Houghton Mifflin Social Studies
A Message of Ancient Days

Understanding Primary Sources:
A Day in the Life of an Ancient Egyptian

Objective: Students research aspects of Egyptian daily life, then combine their research to write stories reflecting what they have learned.

What You Need:

Suggested Time:
4-5 hours over 3 days

Building Background:
Ask the class to think about how the work that went into building public monuments and tombs in ancient Egypt was supported by the work and efforts of everyday people. Have the class speculate about a day in the life of an average Egyptian. What did he or she do, eat, wear? Make a list of aspects of Egyptian daily life: food, clothing/jewelry, homes/furnishings, recreation, family life, crafts. Tell students they will research these topics to learn more about Egyptian daily life, and write stories that reflect what they have learned.

What To Do:

1. Organize students into research groups, and assign each a research topic. Send them to the library to find materials. Remind each group to keep careful notes on what they find. One good source of information about Egyptian daily life is Egyptian Lifeby Mirian Stead. Also, if you have Internet access, students can use this site for information:

The Ancient Egypt Site
The award-winning Ancient Egypt Site is an interactive book about the history and culture of the Ancient Egyptian civilization. It includes a timeline, introduction to hieroglyphics, glossary, bibliography, and reference guide.

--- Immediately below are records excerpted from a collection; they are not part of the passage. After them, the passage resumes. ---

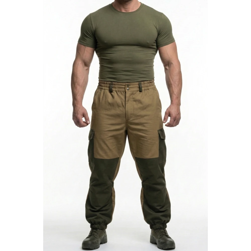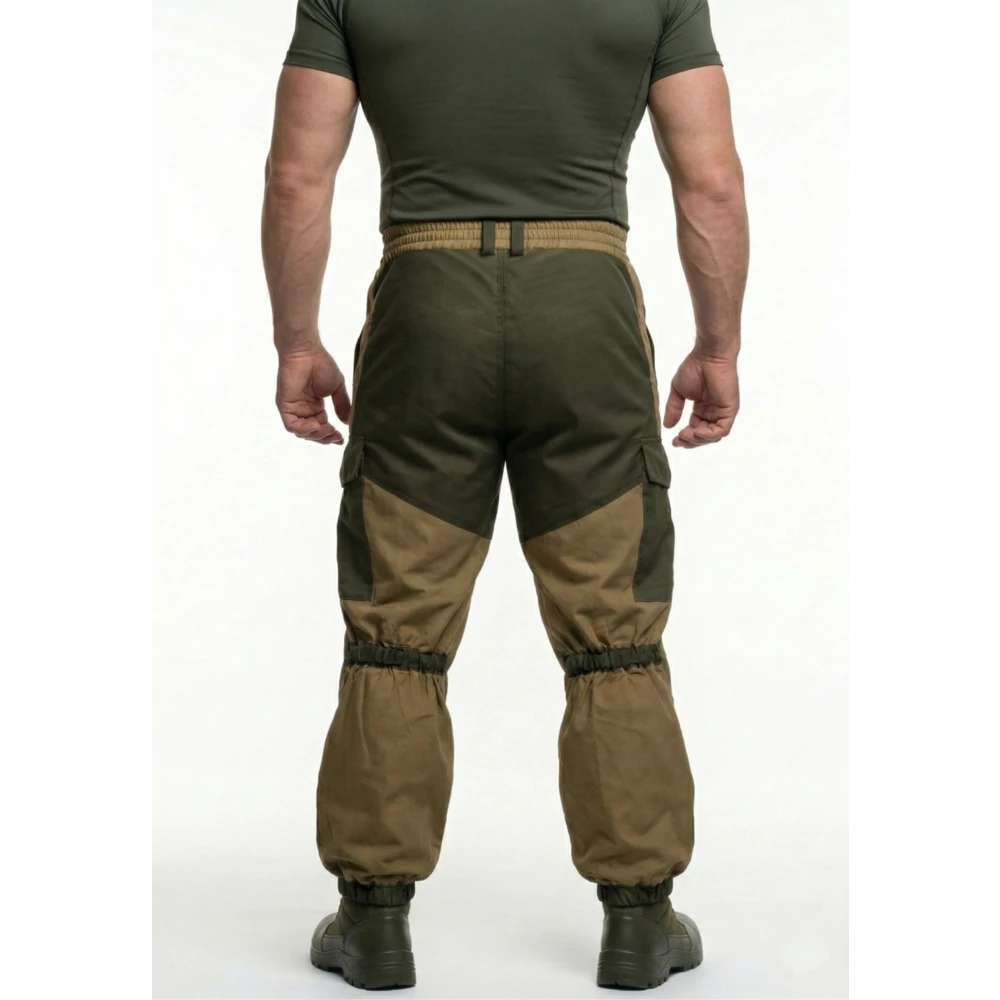 Брюки: свободного покроя, гульфик с застёжкой на молнию, 2 верхних прорезных кармана в боковых швах. 2 боковых накладных кармана с клапаном. Крой деталей в области коленей препятствует их вытягиванию. Задние половинки под коленом собраны резинкой. Пояс на резинке, низ на резинке.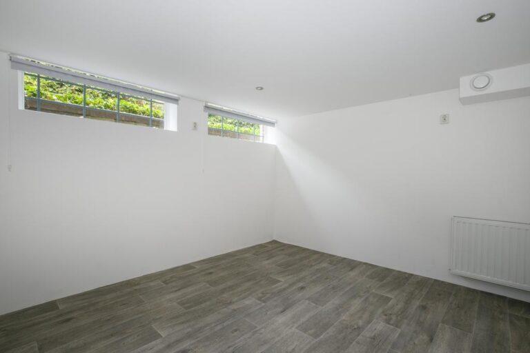 Het souterrain bereikt u via de trap in de hal, maar is ook van buitenaf bereikbaar. Wellicht wilt u deze ruimtes gaan gebruiken voor kantoor/beroep aan huis, of als logeerruimte. De grootste van de twee (slaap)kamers is circa 21 m2 groot en voorzien van 3 hoog geplaatste ramen, de vloer is voorzien van een pvc in fraaie houtlook, gestucte wanden en plafond. De andere kamer (13 m2) is nog steeds ruim te noemen, pvc vloer en gestucte wanden en plafond. Voor de lichtinval zijn er hier 2 ramen. In het souterrain bevindt zich ook nog een ruime technische ruimte met wasmachine aansluiting en een separate opbergkast.
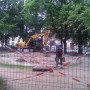 Am 30. Juni standen schon die Geräte, der Platz wurde tiefer ausgebaggert.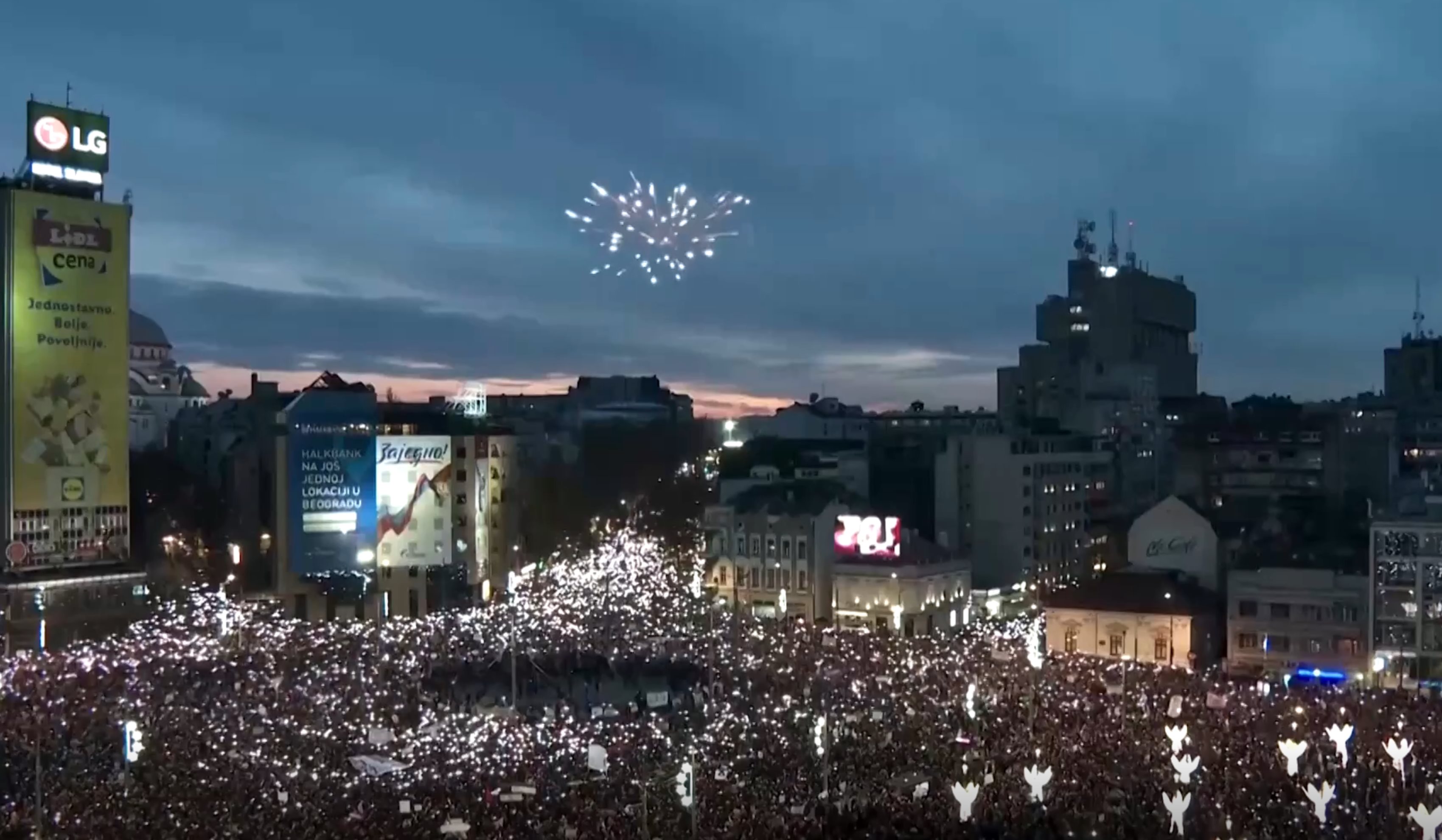 Tisuće ljudi okupilo se u subotu na trgu u središtu Beograda u dosad najvećem prosvjedu protiv parlamentarnih i općinskih izbora 17. prosinca, čije rezultate prosvjednici žele poništiti.

2. When students have finished their research, have each group write a one page summary of what they have found. Remind them to identify their research topic, and to organize the information so that it is clear and easy to read. Work with groups individually as they do this step. When each group (and you) are satisfied with the one page summary, combine all the pages in one research document and make one copy for each student.

3. Distribute a copy of the combined research document to each student. Tell students to use the combined research to write a short story about a day in the life of an ancient Egyptian. Encourage students to be creative, but to support the events and descriptions in their stories with factual information learned in the research phase.

4. Allow students time to write, then reread, and rewrite/edit as necessary. Have students share their finished stories by reading them aloud, or by copying and distributing them.

Ask students to identify one thing they learned about Egyptian daily life that surprised them the most, and one thing that surprised them the least. Discuss the ways in which factual details did or did not help in writing the stories.